[Data entries]
───

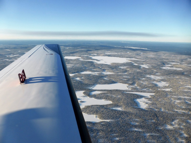 Odlet z Bangoru. Počasí je nádherné, letiště pod námi za chvíli uteče do minulosti. Jedna tenká "vrstvička" tak v 8000 stopách je po chvilce pod námi a my se vydáváme na sever, nad již řídce osídlená místa na hranici USA a Kanady.
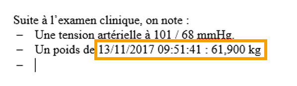 Cette option vous permet d'insérer les dates des données biométriques saisies en cours de consultation, comme par exemple, la date et l'heure de saisie du poids de votre patient.
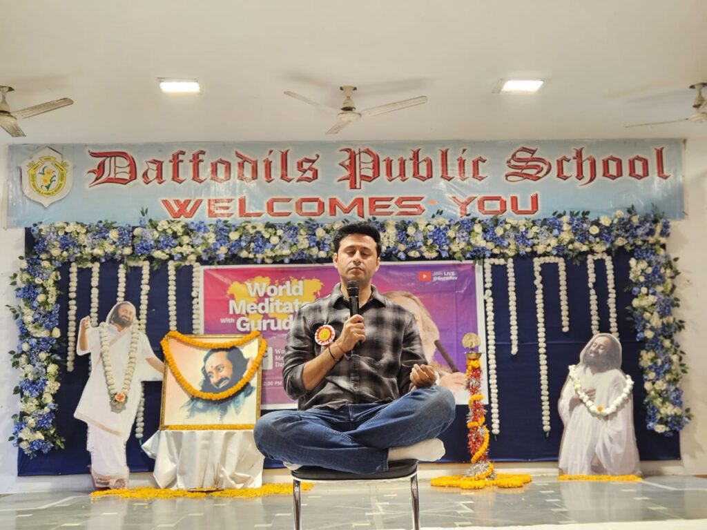 कार्यक्रम को और प्रभावी बनाने के लिए डैफोडिल्स स्कूल के प्रांगण में अभिनेता, सफल उद्यमी और आर्ट ऑफ लिविंग के प्रेरक करण अरोड़ा का आगमन हुआ। उनके मार्गदर्शन में करीब 400 छात्रों ने ध्यान क्रिया के तौर-तरीके सीखे और जीवन को सकारात्मक दिशा में ले जाने के लिए प्रेरित हुए।
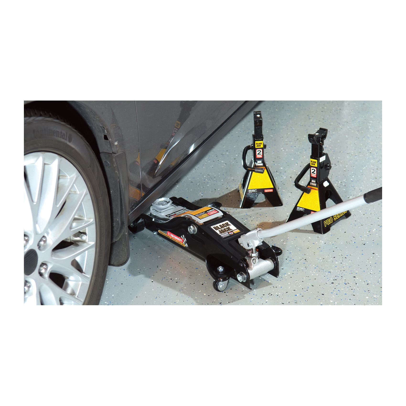 Torin Blackjack Service Jack, Low Profile, 2.5 ton Weight, Lift Range: 3-1/2 to 13-7/8 in, Removable Handle, Steel
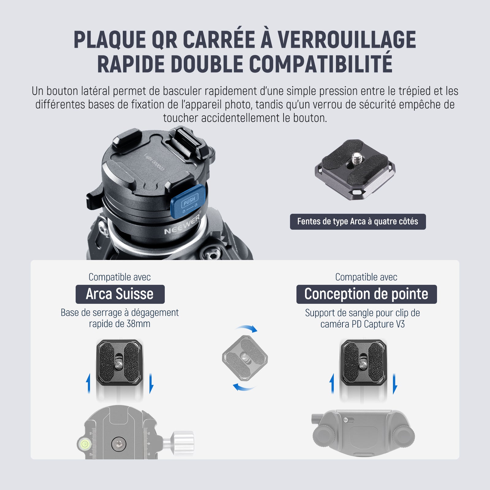 • 【Plaque QR carrée de type Arca à verrouillage rapide】 La plaque à dégagement rapide de type Arca est également compatible avec le clip de capture Peak Design PD V3. Un bouton latéral permet de basculer rapidement d'une simple pression entre le trépied et les différentes bases de fixation de l'appareil photo, tandis qu'un verrou de sécurité empêche tout contact accidentel avec le bouton. Remarque : pince QR compatible uniquement avec les plaques PD QR et les plaques de type Arca incluses.
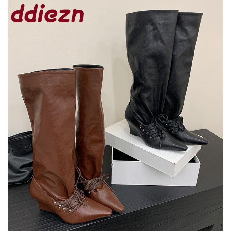 Fashion Shoes With Wedges Women Knee High Boots Female Slip On Shoes Fashion Pointed Toe Party Ladies Long Modern Boots Pumps

───

Problem to work on: Once the line with "कार्यक्रम को और" is found above, print it and every line after it through the line with "Torin Blackjack Service", exactly. Pictures stay out.

Solution to the problem:
 कार्यक्रम को और प्रभावी बनाने के लिए डैफोडिल्स स्कूल के प्रांगण में अभिनेता, सफल उद्यमी और आर्ट ऑफ लिविंग के प्रेरक करण अरोड़ा का आगमन हुआ। उनके मार्गदर्शन में करीब 400 छात्रों ने ध्यान क्रिया के तौर-तरीके सीखे और जीवन को सकारात्मक दिशा में ले जाने के लिए प्रेरित हुए।
 Torin Blackjack Service Jack, Low Profile, 2.5 ton Weight, Lift Range: 3-1/2 to 13-7/8 in, Removable Handle, Steel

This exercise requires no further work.